But I think the real reason Penny is settling down in the evenings is just age, unfortunately. 4 months is SO YOUNG. So keep expectations very low, but stay consistent and it will come. You can try and train your dog to have an "off switch" at that age, but I don't think it's a fair expectation. So do what you can, but just persevering is probably the real answer.

Sounds like you are doing a great job


----------



## Poppy'sHooman (6 mo ago)

lw19 said:


> I didn't start place training until mine was about 7 months (for no reason. I could have started it earlier).


This is super reassuring! We only started the place command when our trainer introduced it to us around 16 weeks. She's at 20 weeks now, and while she took to it initially she has been really fighting back with it the last couple weeks. I was worried we started way too late. I think we struggle with our expectations of where she should be. "oh well now she knows "bed" she should just stay there and settle down" and we're probably keeping her on it for too long. 

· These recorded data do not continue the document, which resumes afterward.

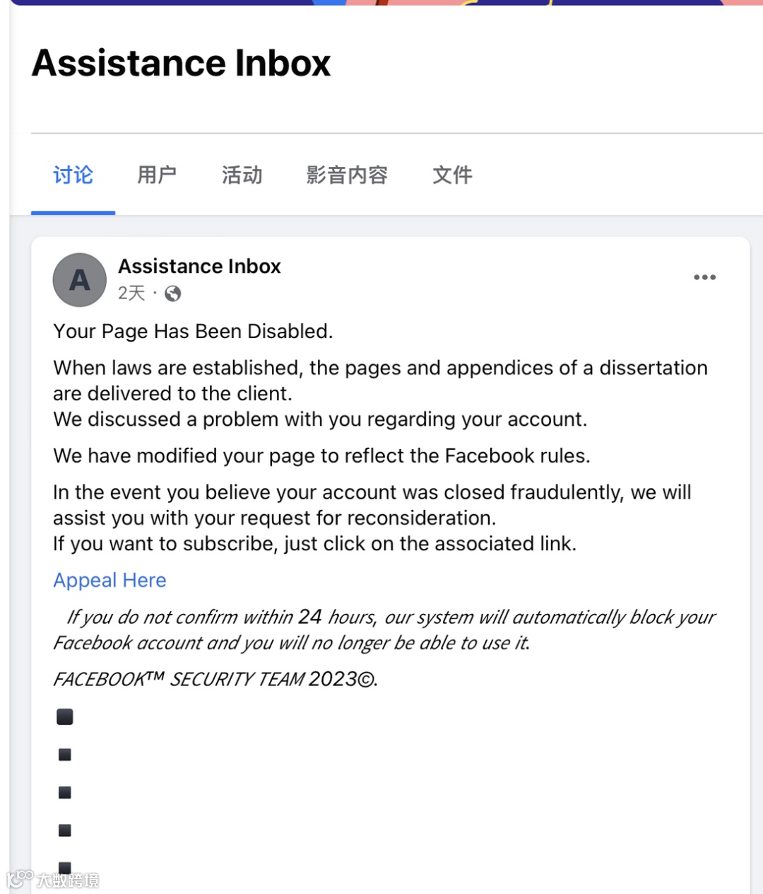 点击邮件后会跳转到Facebook的界面里,大概意思和邮件原本的意思差不多,就是要求你点击链接进行申诉,具体内容如下图所示: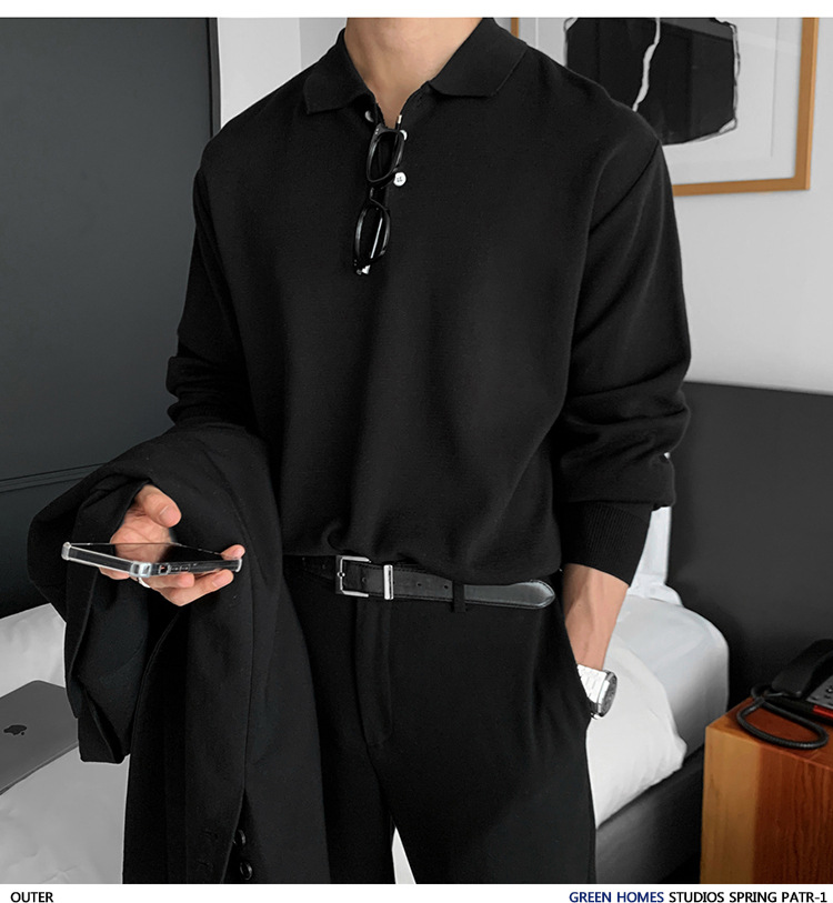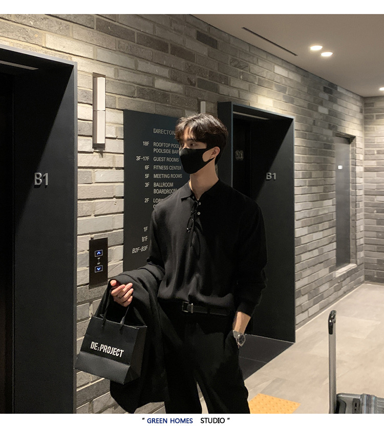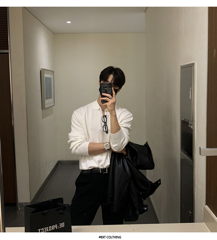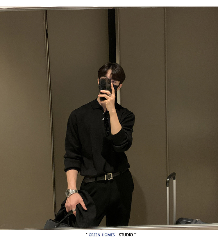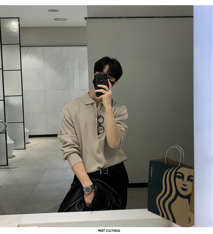 Asmu韓国春秋底セーター男性poloシャツ長袖シンプル上着韓国版プルオーバーニット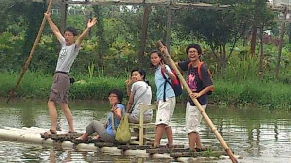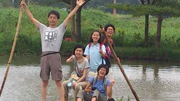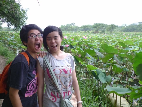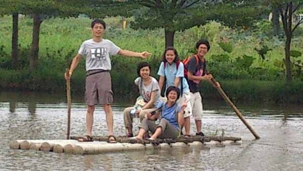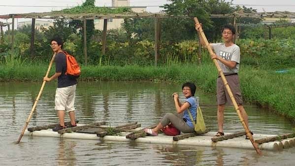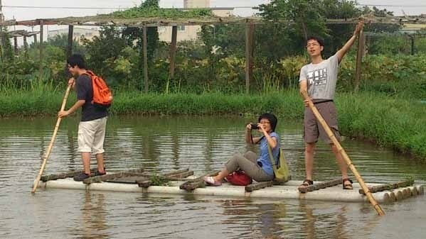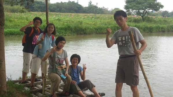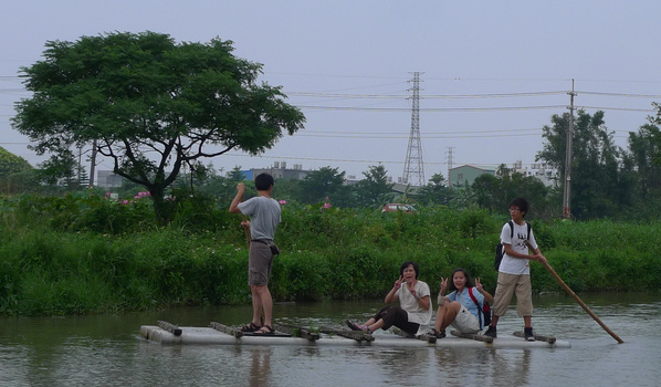 今天看到美麗的荷花,雖然沒有太陽,但是上午九點多的荷花田仍然悶熱地不舒服,偶爾還要留意嗜血的蚊子,這一群high咖不太high得起來。但是,原本只是無聊玩玩的竹筏竟然意外地好玩,不只消暑,而且把大家的玩興都引燃了。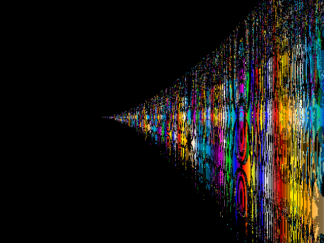 RE: Fractals from calculations of 2^I, 2^(2^I), 2^(2^(2^I).. a^(a^(...a^I) - Ivars - 05/21/2008 Hi Henryk But why would a^(a^(a^.......a^I) lead to the same limit as h(a), namely w such that a=w^(1/w) ? The way it goes step by step is totally different because iteration starts as complex number.... So we can map the trajectories, how they converge, whereas in purely real number case we can not. why: \( a^{(a^{(a^{...(a^I)}}}= h(a) \)??? I do not understand this, and is this even true? On otherhand, it may be a useful tool to see the differences between various real bases a as trajectories will be different. Can You please tell me how can I plot these trajectories for e.g. integer iterations? I am ready to learn another piece of software, perhaps PARI or even SAGE- this map is so simple that programming should not be too difficult. Ivars RE: Fractals from calculations of 2^I, 2^(2^I), 2^(2^(2^I).. a^(a^(...a^I) - Ivars - 05/22/2008 Since this is my first fractal map, it is interesting to see another different pattern ending at another important point on real axis: \( e^{-\pi/2} \): Ivars |

We started snuggling with Poppy on the couch in the evenings very early on, but she always had a very heavily shifted energy for the morning and became much more manageable around 3pm every day. Lately though her energy is evening out throughout the day, so when we really want to hunker down and have a tv or movie night it usually takes a really enticing (read peanut butter) frozen kong to ensure her participation.


----------